Duruşmada davanın esas savcısı Ufuk Ermertcan'ın izinli olduğu bir zamana denk gelmesi sebebiyle sanıkların çapraz sorguları sadece üye hâkimler tarafından yapıldı.

TÜBİTAK raporu davayı kilitledi!
Mahkeme heyetinin yapılan haberler üzerinden çapraz sorgu gerçekleştirdiği duruşmada dijital delillere ilişkin istenen TÜBİTAK raporunun hala ulaşmaması davanın belirsizliğini koruyor.

Gazetecilerin gazetecilik faaliyetleri üzerinden üretilen deliller arasında virüslü olduğu dört ayrı üniversite raporuyla kanıtlanan dijital deliller hakkında, sanık avukatlarının objektif olamayacağı yönündeki itirazlarına rağmen mahkeme heyetinin istediği TÜBİTAK raporunun hala mahkemeye ulaşmamasının davayı kilitlediği biliniyor.

Yalçın Küçük: “100 yıl tutun beni, o kadar gençleşiyorum”
Çağlayan Adliyesi'ndeki İstanbul 16. Ağır Ceza Mahkemesi’nde görülen Oda TV davasının 13. duruşmasında ilk söz Yalçın Küçük’e verildi. “Biz başımıza gelecekleri görmek için Taraf, Zaman okuruz” diyen Küçük, yargılandığı davaları anlatarak, “Suçumu bana söyleyin. Engizisyon mahkemelerinde bilmez kimse suçunu” dedi. Küçük, “100 yıl tutun beni. Ne kadar tutarsanız o kadar gençleşiyorum. Yüzyıl verebilirsiniz hiçbir şey olmaz. 12 Eylül'de çıktık. 12 Mart'ta da çıktık” diye konuştu.

“Geceleri tebdili kıyafetle ülkeyi bölmeye çalışıyorum”
“En büyük cumhuriyetçi benim. Ama geceleri tebdili kıyafetle ülkeyi bölmeye çalışıyorum bu davaya göre” diyen Küçük, bu davanın Şık, Şener ve Avcı üzerine kurulduğunu belirterek tahliyelerle davanın bittiğini savundu.

"Kürtlerin yükselişi biz Türklere ait.
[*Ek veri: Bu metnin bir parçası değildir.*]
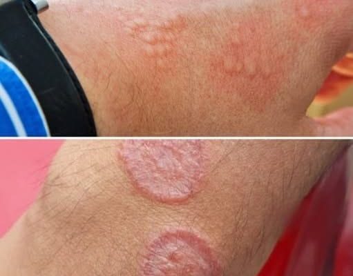 - Red, scaly patches with raised edges
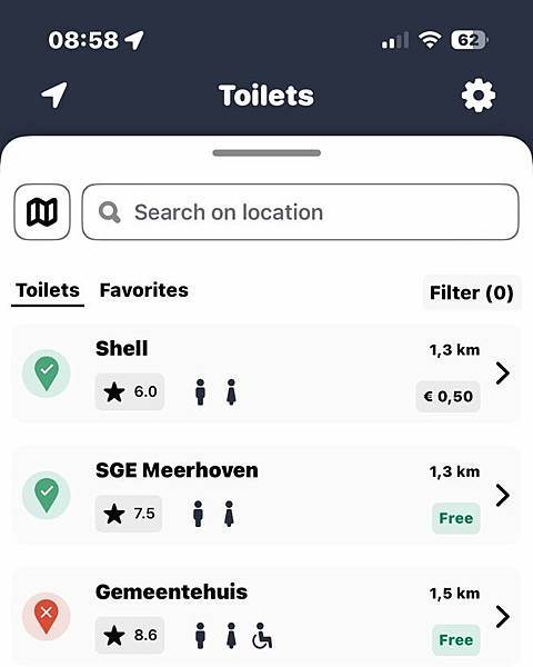 這個app真的可以快速找到附近的廁所!應該適用於歐洲吧?!我目前只有在荷蘭用過,如果有人在其它歐洲用過再幫忙回應一下!!#有人用過嗎分享一下 #有人用過也超有感的嗎
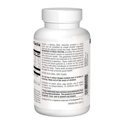 Pectin, a dietary fiber naturally present in citrus fruit, can be modified to create smaller fragments that can be utilized inside the body. Source Naturals Modified Citrus Pectin provides the same form of modified pectin shown in research to support cellular immune health. The galactosyl fractions found in modified pectin are believed to be responsible for its beneficial properties. These molecules appear to bind to and block galectin-3, a lectin on the surface of many cells that contributes to movement of cells within the body. These lectin-binding properties are thought to help promote good health.

Ben Kürtlerin yükselmesini isterim. Onlar bizim vatandaşlarımız. Ama ben yakınlaşmadım” da diyen Küçük, "Leyla (Zana) ile ilk konuşan benim. Ben Kürtlerin yükselmesini isterim. Biz kardeşiz. Biz onların renklerine saygı gösteririz, onların da bizim bayrağımıza saygı göstermesini bekleriz" şeklinde konuştu.
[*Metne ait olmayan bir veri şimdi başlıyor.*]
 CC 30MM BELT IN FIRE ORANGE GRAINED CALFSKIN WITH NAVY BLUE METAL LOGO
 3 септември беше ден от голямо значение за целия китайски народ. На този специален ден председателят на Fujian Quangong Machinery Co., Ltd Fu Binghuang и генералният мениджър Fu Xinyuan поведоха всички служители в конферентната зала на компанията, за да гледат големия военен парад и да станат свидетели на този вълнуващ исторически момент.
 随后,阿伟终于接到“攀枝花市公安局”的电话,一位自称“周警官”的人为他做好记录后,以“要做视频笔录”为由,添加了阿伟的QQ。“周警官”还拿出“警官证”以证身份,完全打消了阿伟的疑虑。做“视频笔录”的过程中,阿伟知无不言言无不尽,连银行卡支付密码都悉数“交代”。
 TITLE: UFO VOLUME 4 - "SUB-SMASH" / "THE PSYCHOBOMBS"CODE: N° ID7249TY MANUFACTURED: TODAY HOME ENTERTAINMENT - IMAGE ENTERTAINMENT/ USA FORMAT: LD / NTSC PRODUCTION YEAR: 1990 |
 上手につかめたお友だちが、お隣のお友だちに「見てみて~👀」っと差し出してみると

“Beni silin, Türkiye’nin son 50 yılında tartışma kalmaz”
Küçük, “Bizim sevgimiz bu ülkenin emekçileri içindir. Beni silin, Türkiye'nin son 50 yılında başka tartışma kalmaz. Halkımın sevgisinden ve polislerin takibinden hiçbir yere gidemiyorum” diyerek çapraz sorguda sorulan sorulara yanıt verdi. Ayrıca üye hakimlerin yaptığı çapraz sorguda Küçük’e, Oray Eğin ile yaptıkları telefon konuşmalarının tapelerinde geçen diyaloglar da soruldu.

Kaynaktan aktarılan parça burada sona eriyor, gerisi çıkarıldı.